Austin also pointed out that Los Angeles parents banded together to file suit against the L.A. Unified School District. In response, according to Austin, the LAUSD “said the quiet part out loud,” arguing “that because students do not have the right to a quality education, the LAUSD is under no legal obligation to prove one and parents have no standing to challenge school reopening policies or anything else.”

While Austin focused on the local dimension of providing a quality education, Dr. Pedro Noguera, Dean of the USC Rossier School of Education, said the civil right issue demands focus on states and the federal government. 

“Civil rights have always been defined as federal and, by extension, state requirements,” Noguera said.
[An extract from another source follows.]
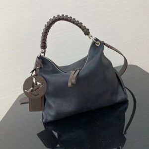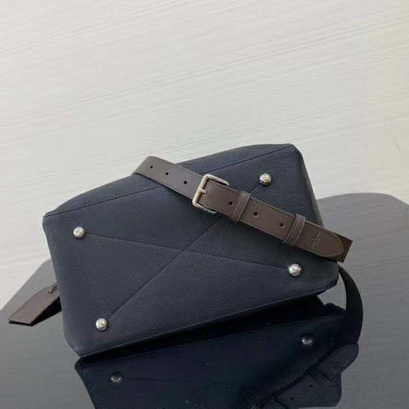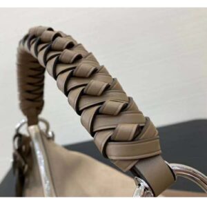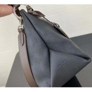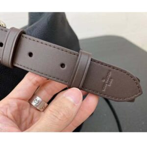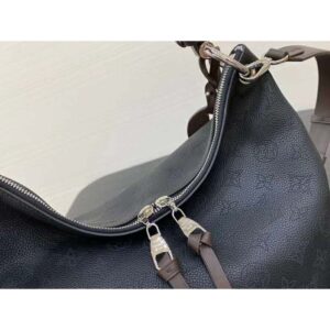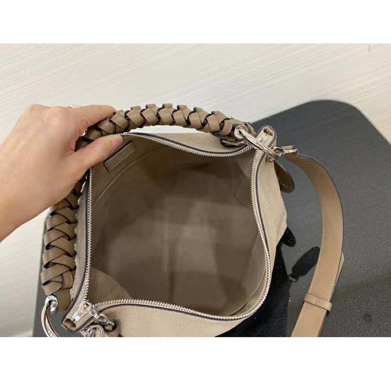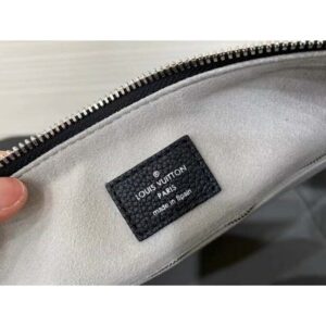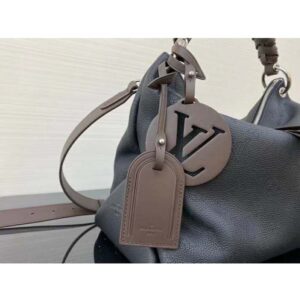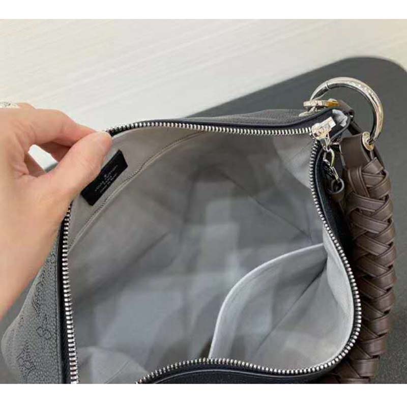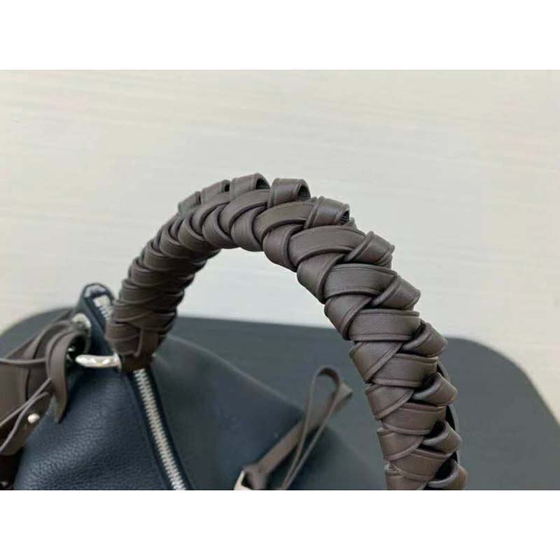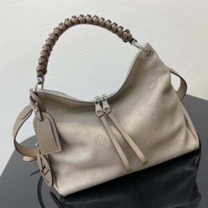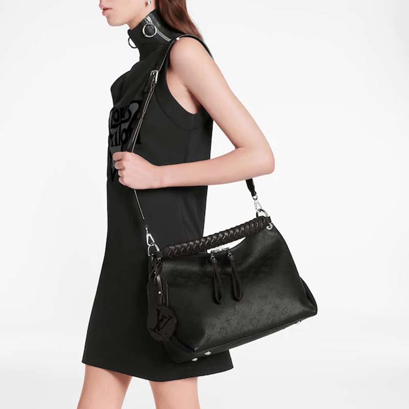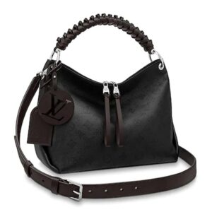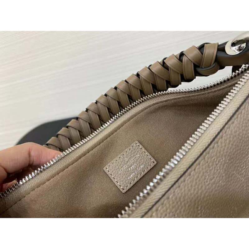 It boasts a stylishly braided-leather top handle, with hand-painted edge-dyeing along the braids. The leather zip pulls and large LV charm sign the bag.

He noted that the Brown decision “really had far-reaching effects on the whole society,” particularly in housing, voting rights and employment. 

But when it came to education “it didn’t live up to the promise of the Supreme Court decision because it didn’t go far enough,” he added. “It said at all deliberate speed, and then the federal government pulled back and it was left to local communities to decide whether or not they would integrate their schools.”

Noguera advocated thinking about schools “the way we think about our highways: if you’re driving through a poor neighborhood on an interstate highway, the highway doesn’t suddenly start to fall apart.” He added: “It shouldn’t matter where you live, every school should be equipped with laboratories, with libraries, with well-trained teachers so that every child has the opportunity in education.”

Jacobson, a senior writer for Ӱ, noted that both the Page Amendment proposal and a similar effort in California face significant opposition from teachers’ unions. “They’re viewed as a threat to job protections for teachers, like tenure,” she said.

But former L.A. Mayor Antonio Villaraigosa said the idea of education as a civil right is not a conservative notion. “It should be one that people who call themselves progressives ought to be getting behind,” he said. 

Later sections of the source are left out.